A faster route from Floyd County to I-75 that avoids congested Cartersville is scheduled to be unveiled this fall, and construction could get underway by late 2022.
“This is a priority project. Our intention is to keep moving forward as aggressively as possible,” said Kimberly Nesbitt, assistant state program engineer for the Georgia Department of Transportation.
More than 40 elected officials and business leaders from Floyd and Bartow counties gathered in Rome on Thursday for an update on the Rome Cartersville Development Corridor project. U.S. Sen. David Perdue and Reps. Tom Graves and Barry Loudermilk also sent representatives.
Once known as the 411 Connector, the
project has been on the books in some form for more than 30 years. Rome City Commissioner Bill Collins asked why they should believe this version would be built.
The unified front presented by all the city and county governments is the primary reason, Nesbitt answered.
“This is the first time we’ve ever had a resolution in writing from everyone involved,” she said.
Collins noted that the powerful Rollins family, which stymied two previous attempts, is on board.

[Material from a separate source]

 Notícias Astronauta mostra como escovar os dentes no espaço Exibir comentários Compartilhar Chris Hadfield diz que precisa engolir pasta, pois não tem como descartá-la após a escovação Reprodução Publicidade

And Joe Frank Harris Jr., president and CEO of the Cartersville-Bartow Chamber of Commerce, said federal officials have praised the cooperation as rare.
“As we hold together, it’s going to get pushed through,” Harris said.

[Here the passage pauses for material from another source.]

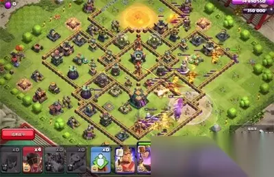 部落冲突十周年挑战赛2021通关攻略 1、从12点钟位置放置车子砸掉这里的天鹰火炮,龙从3点到6点位置一字划。 2、防空火箭用两个气球兵来清掉,给火龙浅浅清个小边。 3、后续放置兵种来进行平推,之后女王出来,打下这个电塔。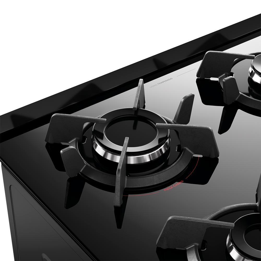 Fogão 4 Bocas Dako Supreme Glass Com Mesa Vidro Preto Bivolt

GDOT has completed preliminary traffic and environmental impact studies on four potential routes and narrowed them down to two. They’re each about 7 to 8 miles long and would have controlled access; a limited number of entrances at major traffic nodes.
District Engineer DeWayne Comer said both would send drivers from Rome down U.S. 411, under U.S. 41 in Cartersville and then “straight to I-75” near the Anheuser Busch plant. One alternative puts the interstate access close to Cass-White Road and the other would end up between that and Tellus Science Museum at Ga. 61.

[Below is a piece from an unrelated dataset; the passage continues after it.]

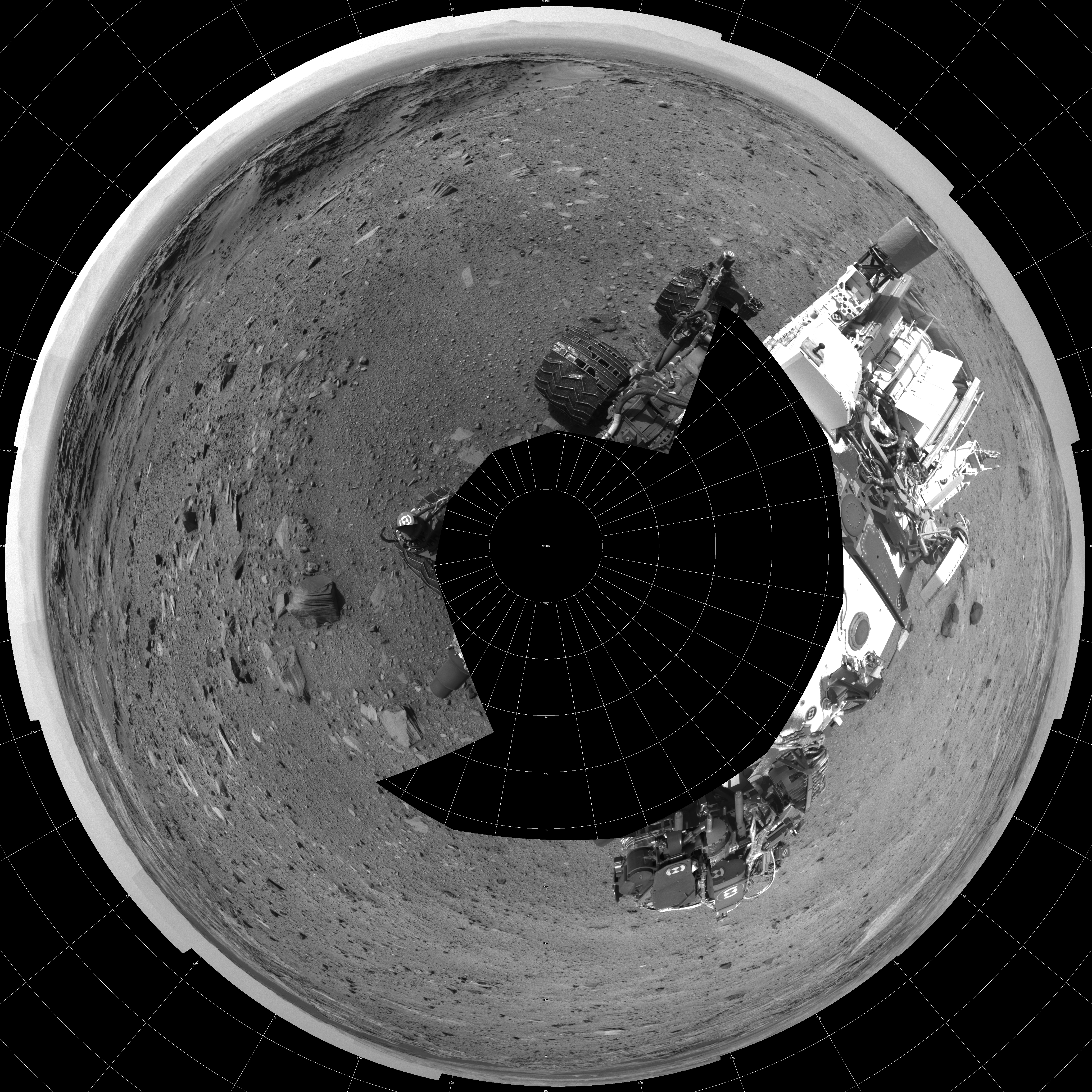 NASA's Mars rover Curiosity took 17 images in Gale Crater using its mast-mounted Left Navigation Camera (Navcam) to create this mosaic. The seam-corrected mosaic provides a polar stereographic projection panorama of the Martian surface with 0 degrees azimuth (measured clockwise from north) at the top of the image. Curiosity took the images on September 09, 2015, Sol 1099 of the Mars Science Laboratory mission at drive 2626, site number 49. The local mean solar time for the image exposures was 2 PM. Each Navcam image has a 45-degree field of view. CREDIT: NASA/JPL-Caltech

“The first halves are very similar, then one jogs north and one jogs south,” said Bryan Corazzini, the project manager.
Corazzini said the alignments they’re studying at this stage are about 600 feet wide. A football field is 360 feet long. He also said it’s early for a cost estimate,
although construction alone would likely be in the neighborhood of $75 million. The bulk of the project, 80 percent, would be federally funded.
“After the Citizens Advisory Committee meets, we’ll start rolling out what we have,” Corazzini said.
Nesbitt said GDOT engineers are preparing more detailed studies on the two remaining alignments for the U.S. Corps of Engineers. They plan to get input from the citizens group this summer and unveil the preferred route at a public open house this fall.
The projected timeline expects approval of the concept plan by late 2018, clearing the way to engineer the exact route and start buying right of way by 2020. A construction contract could be awarded by late 2022, Nesbitt said, and it will take about three years to build.
Collins said he’s feeling more hopeful after the Thursday update. A similar gathering in Cartersville late last year left the impression construction was still several decades away.
“If we can get this road built in 10 years, it will be fantastic,” he said.